My husband was diagnosed with ADHD as a child, and now I thank God for his high energy levels. He works hard every day doing physical labor as a carpenter.  I could never do what he does daily. High energy is also required for running companies, performing surgeries at all hours of the day and night, and other important work.

I am certainly not a perfect mother. I sometimes (often!) am grateful for tv shows that seem to plant them in one place for more than 10 minutes at a time.  I just think that as a rule, our schools, our playgrounds and our homes are becoming less “boy-friendly” all the time because they have turned one of a man’s greatest strengths–his physical energy–into a weakness.

I’m going to stop apologizing for my son’s energy levels, and just be grateful instead.

5 Comments leave one →
  1. December 1, 2010 9:25 am

    Yes, we should thank God for the energy. Just wish we could bottle it. You know, the energy is not so hard to handle when we aren’t trying to shove it into a school package. At home one can always send them outside for a few minutes to run it off. My youngest actually doesn’t have a lot of energy so I have new reasons to be thankful for what is there.

  2. Karen Yanes permalink
    December 2, 2010 10:52 am

    Thank you for this article! I can relate to everything you’ve written. So many times I’ve said the same thing about my son: “He’s very active” as an apology for his behavior. Maybe some people really can’t relate because their children are calm. I welcome my son’s energy because it fills my life with joy (when I am focused solely on him). Outside the home, though, that’s where it can become an issue with others and the stress can become unbearable. I am thankful, as a homeschooler, that I can give my children opportunities to channel their energy. Whether they are taking dance or Martial Arts classes, or running and playing outside. Also, I’m thankful to be able to give them many chances to learn where and when to be “calmer” and “quieter”… if they can (i.e., church, library, store, etc.). I will keep thanking God for their energy because one day others will see it as a true gift; an asset worth appreciating. 🙂

    • December 2, 2010 1:03 pm

      Thanks Karen and Karen! I’m glad I’m not alone in feeling this way. I caught myself today about to say it, but then I just smiled and kept my mouth closed 🙂 God bless you and your families this holiday!

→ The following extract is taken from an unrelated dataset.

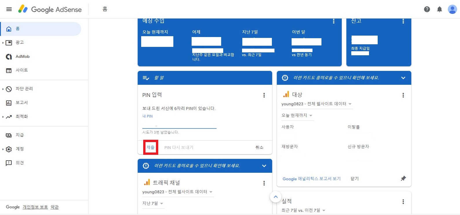 시키는대로 1 ~ 4단계 해서 들어가려는데 애드센스가 바뀌었는지 입력이 안됬어요..
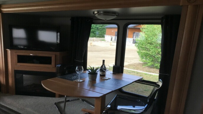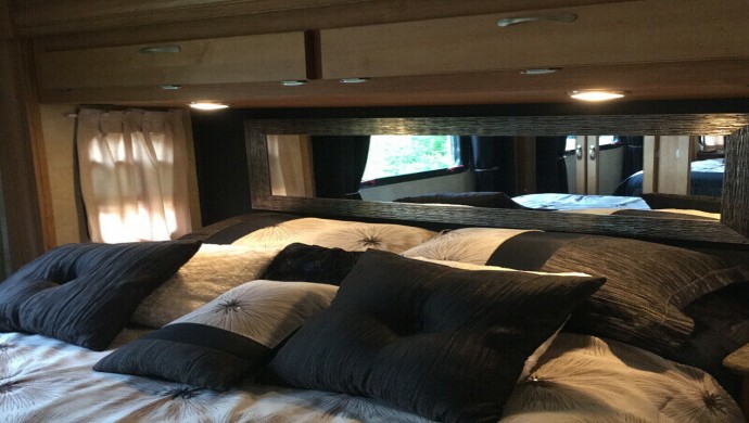 Faut voir, décoration au goût du jour,( plancher Et dosseret cuisine et salle de bain refait). Comme neuf intérieur et extérieur. 69000 km longue route (Floride, Californie, ouest canadien) , freins neufs, batterie neuve , hydraulique changé en 2017. Ballons suspensions, laveuse, secheuse, 2 TVs et bien plus. Cire et scellant a peinture fait a chaque printemps. Jamais vu l’hiver. Aucune infiltration d’eau. A voir !!!

  3. December 9, 2010 7:42 pm

    All that energy is part of why we wanted to move out to the country. And my sons in particular are so much calmer now that they have ample time outside and regular chores to keep them active, though none of it is all that demanding. Of course, they have all their own projects to keep them busy out there, too!

  4. December 10, 2010 3:10 am

    Very well said. Sometimes we forget what a blessing that healthy energy is. Thanks for the reminder.